There's nothing "standard" that could test it. But it's just a shell script with variables. So running `sh -x /etc/rc.conf` shouldn't produce errors.


----------



## CuatroTorres (Jun 19, 2021)

I'm not sure about this: `sysrc -c`.

Related:








						Python script which checks for syntax error in rc.conf
					

Hello all,  I have made a simple Python scripts which checks your rc.conf file for syntax errors (basically it checks all the lines in the file and output the ones which contain syntax errors).  The script itself is very simple but I guess that many people will find it useful (I am pretty...




					forums.freebsd.org


----------



## datasmurf (Jun 19, 2021)

I would go for.

`service -R`


----------



## Alain De Vos (Jun 19, 2021)

datasmurf said:


> I would go for.
> 
> `service -R`


Interesting.
It seems with mariadb, mysql_server_enable="YES" does not start. I've added "service mysql-server onestart" to rc.conf, and that works.


----------



## mer (Jun 19, 2021)

Alain De Vos said:


> It seems with mariadb, mysql_server_enable="YES" does not start. I've added "service mysql-server onestart" to rc.conf, and that works.

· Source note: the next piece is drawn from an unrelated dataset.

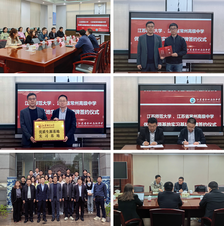 随后,教务部部长沙先一与常州高级中学签订合作协议,赵鹏为江苏省常州高级中学进行“江苏师范大学优质生源基地·实习基地”授牌,并向常州高级中学实习指导教师颁发聘书。最后,文学院、数学与统计学院、生命科学学院、地理测绘与城乡规划学院等实习生代表分享在实习基地的实习心得和体会。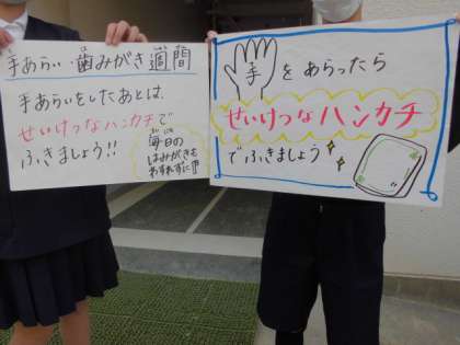 休み時間には、保健委員会のみなさんが手洗いをするように声掛けをしてくれました。

The second sentence seems like the wrong thing to do.
I would double check the exact syntax/form of the variable.    You should be able to look in the actual script file to find out what it's looking for.  The script "mysql-server" most likely exists in /usr/local/etc/rc.d not in /etc/rc.d.  Look for the line that starts with "rcvar"


----------



## Alain De Vos (Jun 19, 2021)

Note mysql-server has minus in the name in /usr/local/etc/rc.d and underscore in rc.conf. Maybe thats why mariadb does not get started.


----------



## mer (Jun 19, 2021)

Alain De Vos said:


> Note mysql-server has minus in the name in /usr/local/etc/rc.d and underscore in rc.conf. Maybe thats why mariadb does not get started.


Yes and if you go look at the source of the script, look for the line starting with "rcvar" and you will find the exact name of the variable it's looking for.


----------



## Alain De Vos (Jun 19, 2021)

rcvar=mysql_enable
Weird it did not started.


----------



## mer (Jun 19, 2021)

If a logfile is created, look for clues in there.


----------



## Alain De Vos (Jun 19, 2021)

I had in rc.conf "mysql_server_enable" instead of "mysql_enable". Huge difference. rcvar saved the day.


----------



## mer (Jun 19, 2021)

And now you know what to look for on the next one.


----------



## grahamperrin@ (Jun 26, 2021)

Alain De Vos said:


> … rerun /etc/rc.conf …



Comprehensively:

exit things, quit things, gracefully – save any unsaved work
some applications continue to run after disappeareance – I use sysutils/htop and *F4* to tell the truth
await ends of runs
`shutdown now`
key *Enter* or *Return*
`exit` to multi-user mode.


----------